42. ¡Maldita sea!

 

 

 

 

 

—Me han dicho que, aparte de tu famosa fijación bovina, tienes un don con las criaturas en crisis.

Hans miró a Beatriz, que se sentó a su lado en la terraza del bar. Había salido a tomar un café hacía un buen rato y se estaba pensando si regresar a casa. Al fin y al cabo, no era necesario en el consultorio.

El niño y Daniela pasarían la noche allí por si acaso, y casi preocupaba más el golpe en la cabeza que se había llevado Alejandro. El muy idiota se había dado contra el canto de una mesa al caerse redondo de la emoción. Hans, que esperaba con la Paca fuera tratando de entretenerse hablando de cualquier cosa, incapaz de comprender que la anciana estuviera tan tranquila como para ser capaz de explicarle paso a paso cómo hacía sus maravillosas natillas, se había levantado de golpe al escuchar el porrazo.

—Algo me dice que ya ha nacido —dijo la Paca con una sonrisa radiante.

No pudo evitar reírse al recordar el momento. Por supuesto, esa escena le había proporcionado nuevo material con el que reírse de su rival literario durante años y no desperdiciaría esa oportunidad.

—Eso dicen —respondió guiñándole a Bea un ojo—. Debe de ser una más de las virtudes del gran Hans Gandía, ya sabes. Ahora también vengo con un extra de comadrona, ¿qué te parece? Lo añadiré a mi ya de por sí amplio currículum —añadió en tono burlón.

Bea esbozó una sonrisa extraña. Estaba un poco pálida y parecía incapaz de mirarlo a la cara.

—Nunca se sabe cuándo un don así puede venir bien, claro —murmuró ella para sí, apartando la vista durante un instante—. No cabe duda de que eres un buen partido, si hasta eres capaz de lidiar con mi madre y con Gonzalo. ¿Sabes que se han presentado en la notaría para intentar impedir que firmara?

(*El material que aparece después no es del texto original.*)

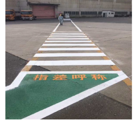
横断歩道と指差呼称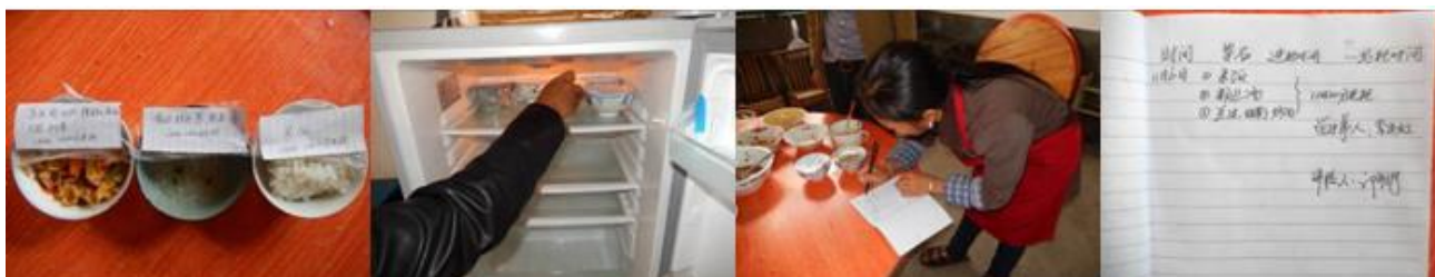
图 19 纠正后的菜品留样储存与登记组图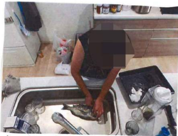
ウロコは尾びれから頭の方に向かってとります。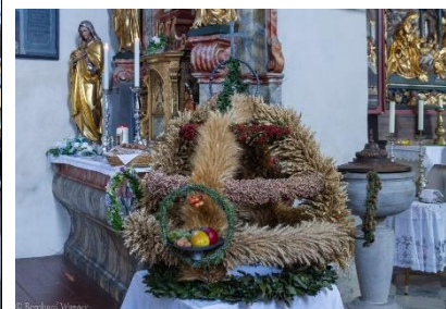
Erntekrone in der Kirche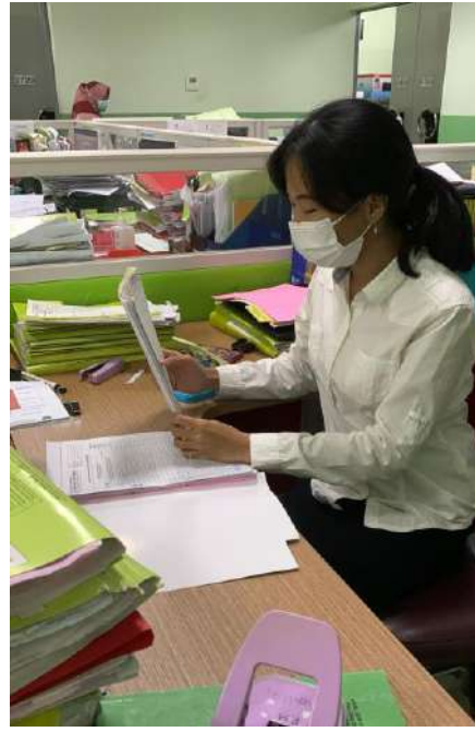
PKM di Bagian Assembling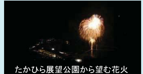
たかひら展望公園から望む花火

昨年はとても寒かったので防寒対策をしっかりと、冬の澄んだ空気の中で鮮やかにひらく花火を楽しんで下さい。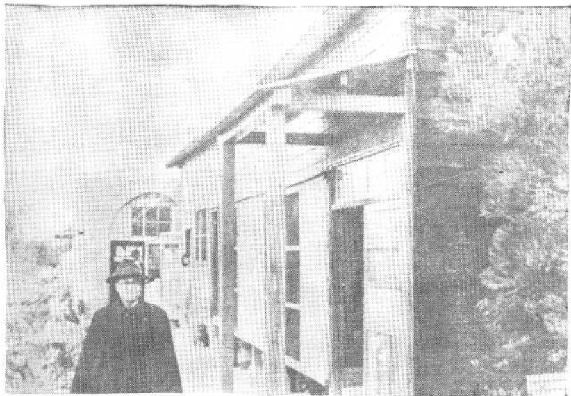
1950年6月28日， 阎锡山在台北菁山寓所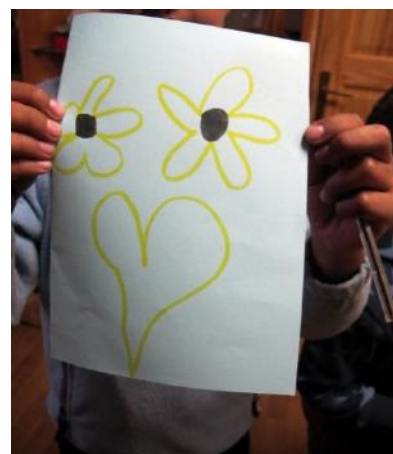
Romu jauniešu apmācība, Sabilē, 31.03.2014.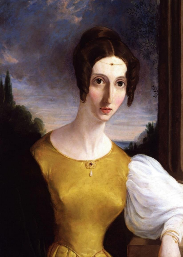
هري یت ټیلر مل (1773 - 1836) د جان ستوارٽ بڼځه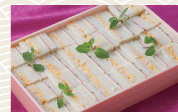
サンドイッチ 5人前 ★4,320円(税込)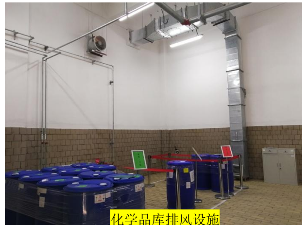
化学品库排风设施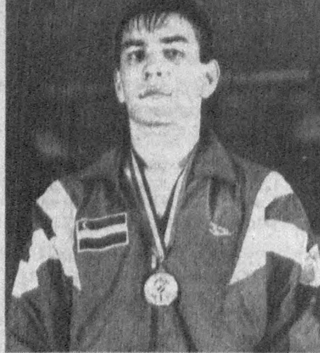
96 кун деганда олимпиада пойтахтига етказиб келинди. Ҳамини бундан кейин, энг йирик спорт анжумани — олимпиаданинг очилиши бу сафар ҳам бетакор воқеаларга бой бўлди, байрамона тус олди. Машғуланинг ёндарилиши ҳам ўзига хос усулда амалга оширилди. Аёнки, олимпиаданинг тимсоли бешта туташ ҳалқадан иборат. Бу дегани, бешта китъа мамлакатларида олиб борилган олимпиа ҳаракатларининг мақсади битта, у ҳам бўлса, халқлар ўртасида тинчлик, бирдамлик ва дўстлик ришталарини янада мустақамлаш, инсон боласининг жисмоний имкониятларини нечоғли беадад эканини миллионлар кўз ўнгига намоиш этишдан иборатдир. Дунёнинг юзлаб давлатларидан ташриф буорган энг мохир спортчилар аввало қолиблик учун курашчилар, қолаверса, олимпиадачи номини олганликлари билан фахрланадилар. Улар 18 кун мобайнида лавулаб турган машғуладан руҳланиб, қизгин ва муросасиз баҳсларда ўзларининг маҳоратларини кўрсатадилар. Мустақиллик йилларида Ватанимиз ўғил-қизлари учинчи марта олимпиада мусобақаларида

Австралиянинг Сидней шаҳрида олимпиада машғулаши лавламоқда. Узоқ Афганистон қадимий Олимп қишлоғида рамзий равишда ўт олдирилган машғула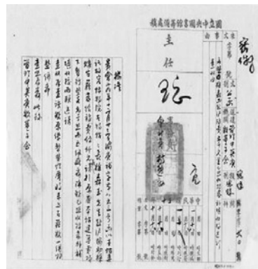
圖一 籌備時期檔案

有鑑於這批檔案的價值，期望能早日提供館內、外人士使用，以發揮最佳功效；特藏組於去（92）年著手進行整理工作，由於檔案數量龐大，先挑選重要者作初步整編，其步驟如下：1. 先去除所有釘書針、迴紋針、橡皮筋等會破壞檔案之附加物。2. 予檔案編號，每筆都給一個號，故有一檔多號。3. 建檔，含：流水號、日期（檔案日期）、簡目等，目前已完成 2 萬 4 千多筆。4. 委請廠商以彩色掃描，經校對、核正者有 1 萬 7 千多筆，已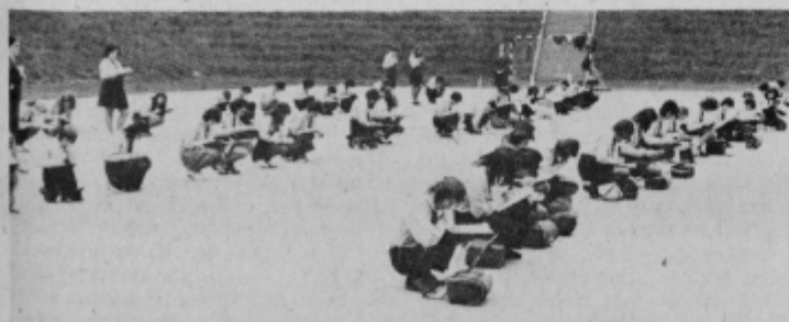
Pionirji in pionirke — podmladkarji Rdečega križa — pri reševanju testov v ormoški Mestni grabi.

Tekmovanje so strokovno vodile medicinske sestre ormoškega zdravstvenega doma in bolnišnice, ki so tudi sicer pionirje pripravljale in poučevale v nudenju prve pomoči. jr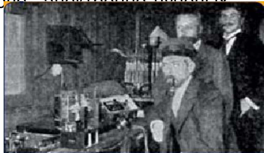
Карл Фердинанд Браун в лаборатории

Изобретателем электронно-лучевых трубок часто называют Карла Фердинанда Брауна. Но истина в том, что он первым в 1897 году начал применять трубки на практике — в осциллоскопе. Принцип работы этого прибора лег в основу всех последующих изобретений, таких как телевизор или экран радиолокатора. В том же году Джозеф Джон Томсон открыл электрон, что значительно ускорило развитие техники на основе электронно-лучевых трубок.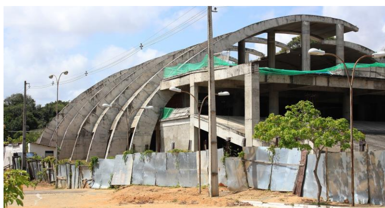
Figura 5: Atual situação do prédio que têm 97% da obra executada, entretanto os trabalhos encontram-se paralisados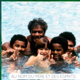
AU NOM DU PÈRE ET DES ESPRITS

Hans frunció los labios y empezó a juguetear con la cucharilla del café. Se preguntó qué le ocurría a Bea. No era solo que no parara quieta, sino que saltaba de un tema a otro como si hubiera algo que quisiera evitar.

—Me temo que con ellos poco tengo que hacer, por mucho que lo intente. Eres tú la que debe mantenerlos presentes o decidir si no los quieres en tu vida —respondió, quizás con algo de fastidio. Por desgracia ella no lo notó, demostrando con ello que no le prestaba atención.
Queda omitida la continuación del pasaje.